The owners of the Las Vegas breakfast restaurants The Egg & I and Egg Works got another dose of egg on their face when the Ninth Circuit Court of Appeals affirmed a lower court’s decision to deny the restaurant chain's motion for preliminary injunction that had been sought against a competing Las Vegas restaurant named Egg World (which did not even file any kind of brief in the appeal).

Last June, Bradley Burdsall, along with his two companies Egg Works, Inc. and Egg Works 2, LLC (collectively “Egg Works”), brought a trademark infringement lawsuit against Egg World, LLC, and two of its principals, Gabrijel Krstanovic, and Dejan Debeljak (collectively “Egg World”). See Egg Works, Inc. et al v. Egg World LLC et al, Case No. 10-cv-01013 (D. Nev.). On September 14, 2010, the lower court entered an order denying Egg Works’ Motion for Preliminary Injunction. (a copy of that order can be viewed here). For my previous blog post discussing the lower court’s decision, click here.

Because the counsel of record for Egg World in the lower court case withdrew from the case soon after the court’s decision (the basis for withdraw was a dispute over money – an unfortunate, all too common issue in litigations), Egg Works recognized that if it appealed the court’s denial of its motion for preliminary injunction, the Egg World defendants would probably not file any kind of brief in such an appeal. And so Egg Works filed an appeal to the Ninth Circuit Court of Appeals of the lower court's decision to deny Egg Works’ Motion for Preliminary Injunction. And if the defendants don’t file an any kind of brief in the appeal, Egg Works would easily win, right? Well as this case aptly demonstrates, that’s not necessarily true.
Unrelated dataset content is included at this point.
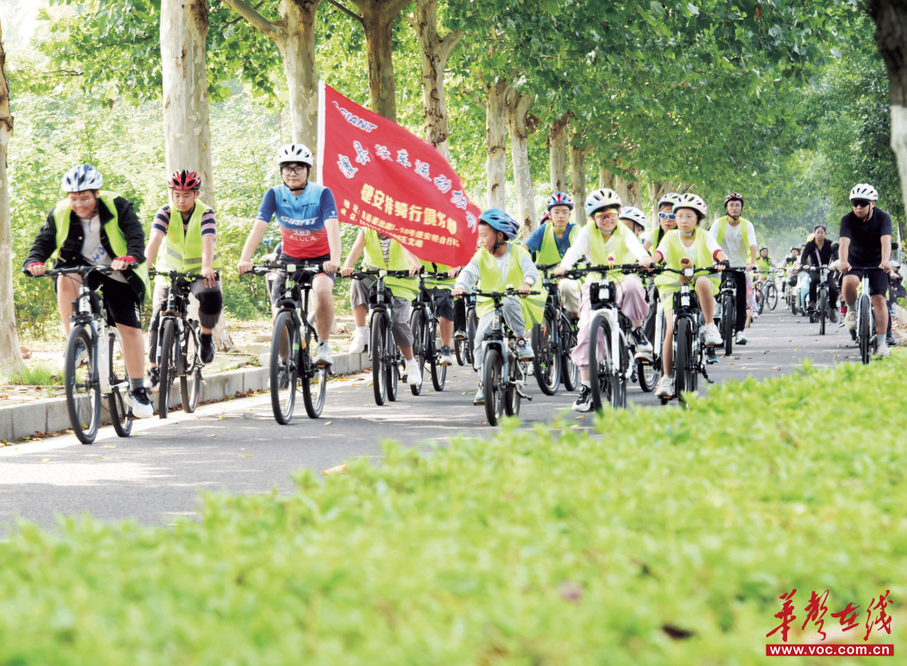 10月5日,澧縣澧浦街道黃沙灣社區屈原路,親子騎行隊伍正快樂行進。當天,澧縣捷安特騎行俱樂部組織6至12歲兒童及其家長開展親子騎行活動,以健康運動的方式共慶國慶中秋佳節。柏依樸 攝(湖南圖片庫)

On September 27, 2011, the Ninth Circuit Court of Appeals in an unpublished decision rendered without oral argument (and without the benefit of any kind of briefs from the Egg World defendants) affirmed the Nevada District Court’s decision to deny Egg Works’ Motion for Preliminary Injunction. See Egg Works, Inc., et al v. Egg World LLC, et al, Appeal No. 10-17534 (9th Cir. April 27, 2011) (unpublished). A copy of the decision can be downloaded here.

The decision is fairly straightforward, with the Court of Appeals finding no abuse of discretion on the part of the lower court in denying Egg Works’ Motion for Preliminary Injunction:

The district court correctly identified the legal standard for likelihood of confusion of a trademark, its findings were not clearly erroneous, and the district court did not clearly err in finding no likelihood of confusion concerning appellants’ trademark. See AMF Inc. v. Sleekcraft Boats, 599 F.2d 341, 348-49 (9th Cir. 1979). We conclude that the district court did not abuse its discretion in concluding that appellants failed to meet the requirements to merit preliminary injunctive relief. Accordingly, we affirm the district court’s denial of appellants’ motion for a preliminary injunction.

So where does the case go from here? Well, assuming Egg Works decides not to waste any more money by seeking reconsideration or appealing to the U.S. Supreme Court, the case goes back to Nevada district court and continues to move forward. But with Egg World not currently represented by counsel, Egg Works will now be able to obtain a default and seek a default judgment against thecompany. And Egg Works may try to seek defaults against the individual defendants as well, who have not show any particular interest in continuing the fight in court (even though they did win both at the lower court and on appeal – although admittedly only at an early preliminary stage).

Of course, given that the Egg World restaurant that gave Egg Works so much heartburn last year closed down earlier this year [Comment—I know from firsthand experience that running a restaurant is tough, and probably more so in these economic times], does Egg Works really want to continue to spend legal fees fighting this out after suffering two battle defeats – even after having essentially won the war at the end of the day? We shall see.

[Full Disclosure: My law firm has represented one of the Defendants in other legal matters, but did not represent any of the Defendants in this case.]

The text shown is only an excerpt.